Purpose/Objectives: To establish the feasibility and acceptability of completing a higher dose of the planned physical activity volume among women with ovarian cancer, including those undergoing active treatment.
Design: A pre-/post-test exercise intervention. All participants were asked to complete 225 minutes per week of physical activity for 26 weeks. Multiple supports were provided, including exercise DVDs, self-reported logs, and an objective physical activity tracker (Fitbit®).
Setting: Home-based exercise intervention with in-person training and telephone follow-ups.
Sample: 10 women with ovarian cancer who were treated within Penn Medicine in Philadelphia, Pennsylvania.
Methods: Home-based, in-person exercise counseling was provided by an exercise trainer weekly for the first six weeks and then monthly for a total of 26 weeks. Weekly follow-up telephone calls were used to assess exercise adherence and barriers to completing exercise, review symptom changes, and provide behavioral support.
Main Research Variables: Feasibility and acceptability.
Findings: Eight participants completed the study and achieved at least 80% of the prescribed exercise dose. Five participants were undergoing chemotherapy simultaneously. Participants experienced no adverse events during the 26-week intervention. Compared to baseline, average steps increased by 1,593 per day and moderate-intensity physical activity increased by 15 minutes per day.

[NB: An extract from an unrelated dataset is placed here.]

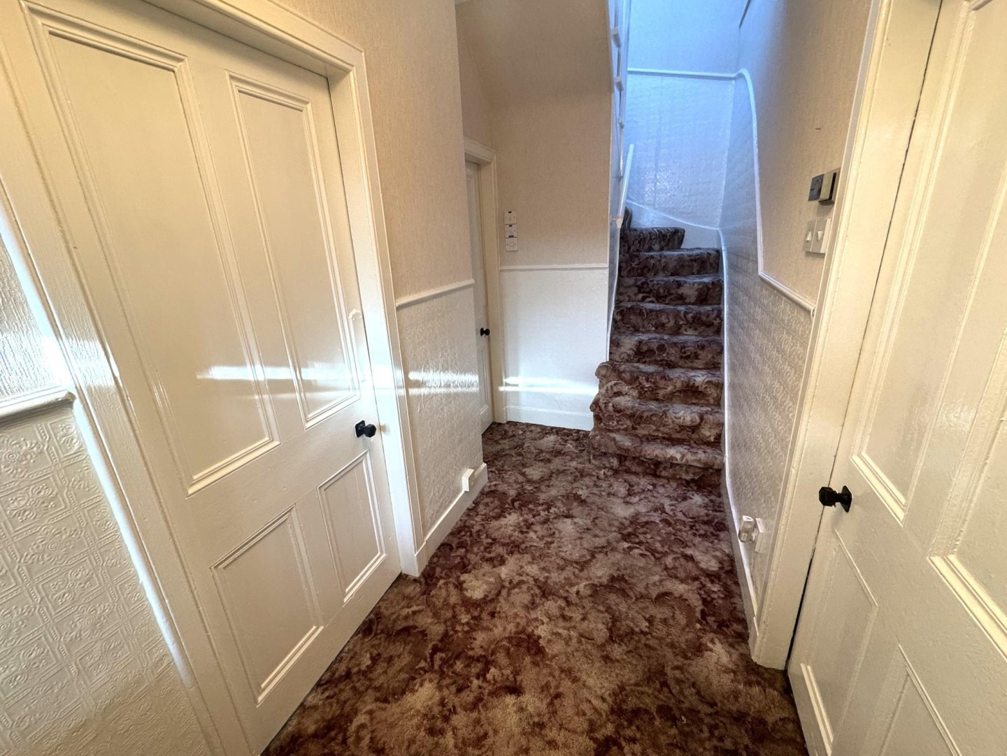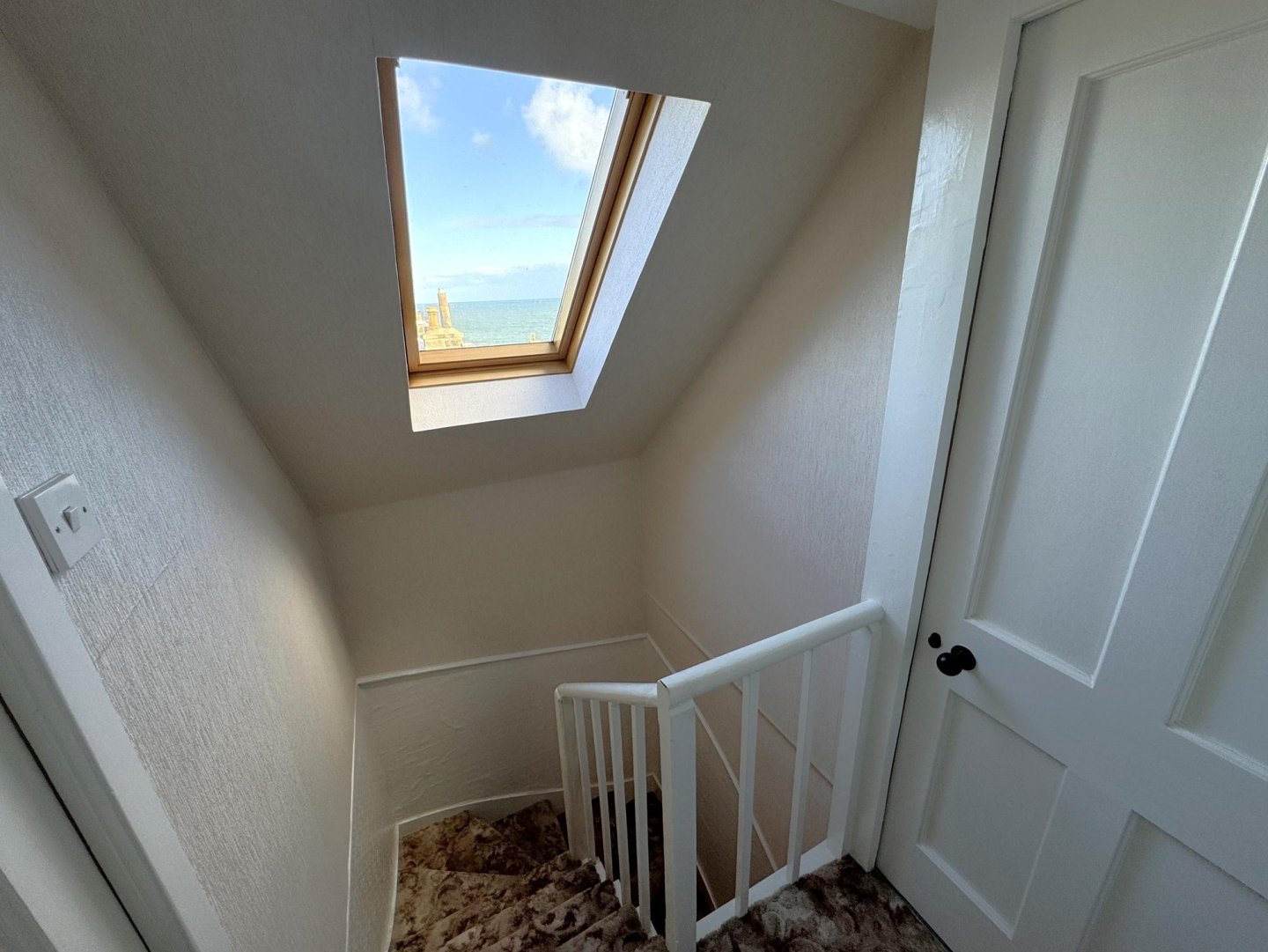 The staircase leads on to a carpeted landing, skylight provides natural light and boasts sea views from the first floor. Access can be gained to both bedrooms 1 & 2 and upstairs bathroom.

Conclusions: A 225-minutes-per-week exercise program is feasible and acceptable in a population of patients with ovarian cancer. Participants significantly improved their physical activity during the 26-week intervention.
Implications for Nursing: The findings suggest that nursing professionals could recommend that women with ovarian cancer exercise 225 minutes per week regardless of cancer and/or treatment trajectory. For those experiencing aches and pains, behavioral supports and suggestions of a lower exercise dose are needed to maintain physical activity.